- DATA SEGMENT:

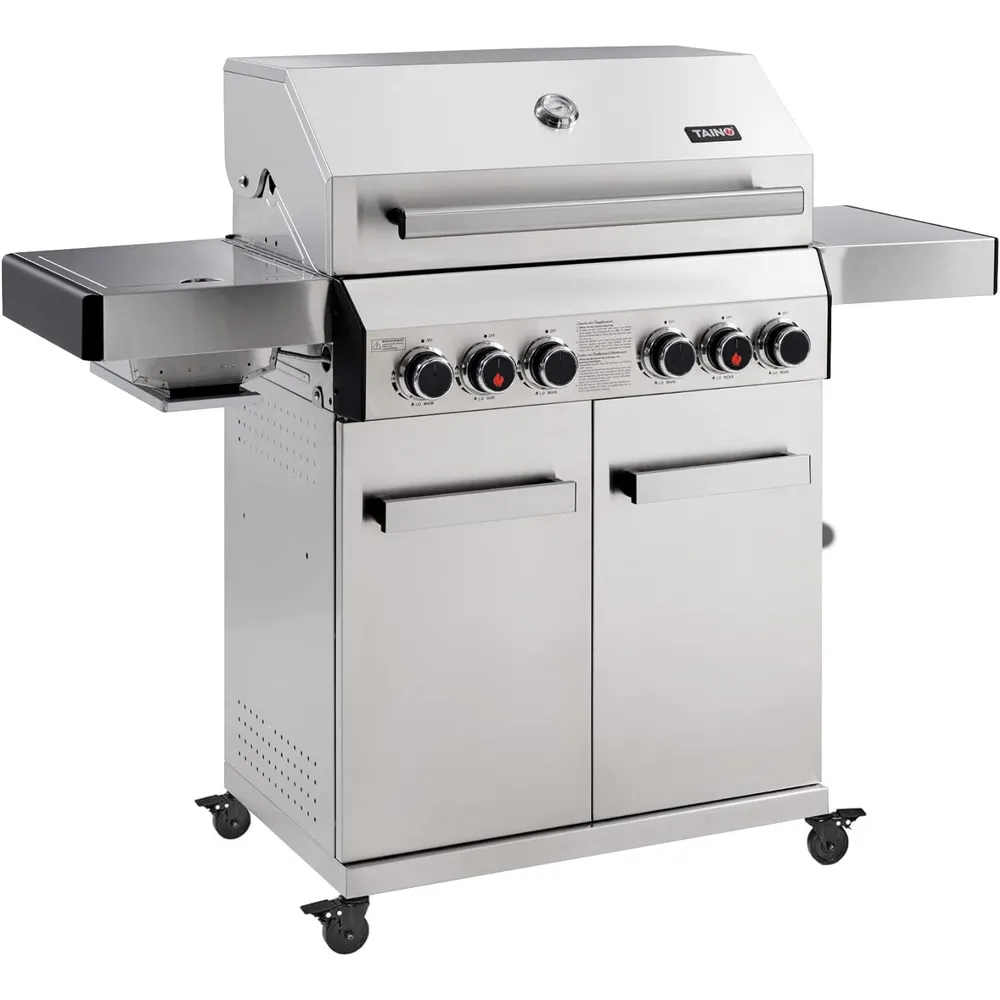 TAINO Platinum 3+1 or 4+2 Gas Barbecue Rotating Spit Complete Stainless Steel New Premium Series 2019 BBQ Grill Trolley 3 Burner Side Cooker Piezo Ignition
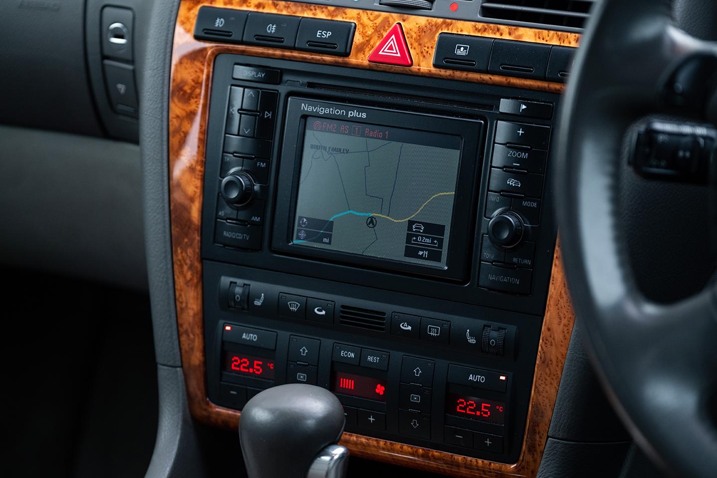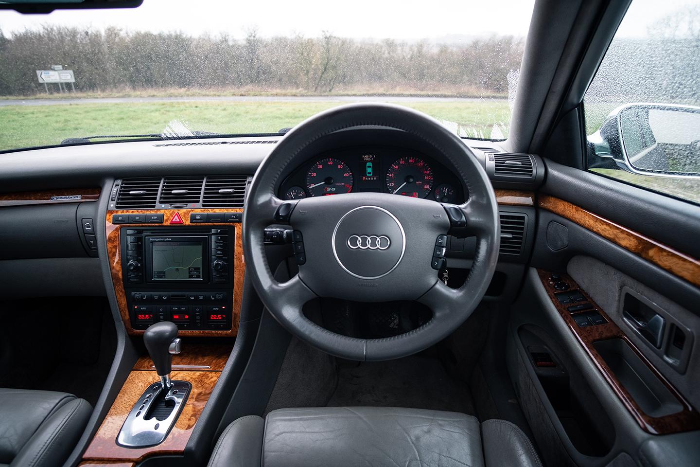 It has plenty of olfactory character too, with the distinctive odour or the very leathery leather that German manufacturers used at the time. The heritage car's wooden trim has the orangish Oompa Loompa hue that Audi seemed particularly fond of. The abundance of buttons on the centre console now seems a strange contrast with the lack of switchgear on the face of the steering wheel - this containing just basic audio repeater controls and the switches for manual gear selection. This D2 is late enough to have received a fully graphical sat nav system complete with a blocky display screen; earlier examples got a system that relayed guidance exclusively through voice instructions and junction pictograms. I'm pleased to see the clock is set to 1999, and soon confirm that the rest of the car is.
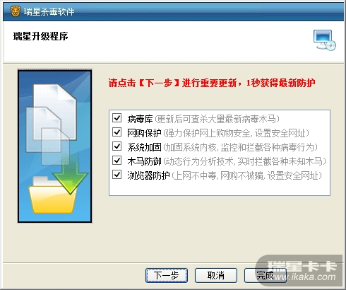 这个升级弹窗是提示您是否设置瑞星安全网址为首页,如果不想设置,请将网购保护、浏览器防护这两项取消勾选,再点击下一步。
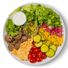 This is your favorite cheat meal — reimagined by a nutritionist and dressed up for your goals. Juicy Angus grass-fed ground beef from 44 Farms seared in avocado ghee meets a cool, crisp wedge salad base piled high with sharp cheddar, pickled onions, grape tomatoes, and a drizzle of creamy Greek yogurt ranch. Every bite balances smoky, spicy, and tangy — like your dream burger went to the spa.

- TASK OBJECTIVE: Please retype the whole listing above exactly, without any of its images.

- RESPONSE BELOW:
 TAINO Platinum 3+1 or 4+2 Gas Barbecue Rotating Spit Complete Stainless Steel New Premium Series 2019 BBQ Grill Trolley 3 Burner Side Cooker Piezo Ignition
 It has plenty of olfactory character too, with the distinctive odour or the very leathery leather that German manufacturers used at the time. The heritage car's wooden trim has the orangish Oompa Loompa hue that Audi seemed particularly fond of. The abundance of buttons on the centre console now seems a strange contrast with the lack of switchgear on the face of the steering wheel - this containing just basic audio repeater controls and the switches for manual gear selection. This D2 is late enough to have received a fully graphical sat nav system complete with a blocky display screen; earlier examples got a system that relayed guidance exclusively through voice instructions and junction pictograms. I'm pleased to see the clock is set to 1999, and soon confirm that the rest of the car is.
 这个升级弹窗是提示您是否设置瑞星安全网址为首页,如果不想设置,请将网购保护、浏览器防护这两项取消勾选,再点击下一步。
 This is your favorite cheat meal — reimagined by a nutritionist and dressed up for your goals. Juicy Angus grass-fed ground beef from 44 Farms seared in avocado ghee meets a cool, crisp wedge salad base piled high with sharp cheddar, pickled onions, grape tomatoes, and a drizzle of creamy Greek yogurt ranch. Every bite balances smoky, spicy, and tangy — like your dream burger went to the spa.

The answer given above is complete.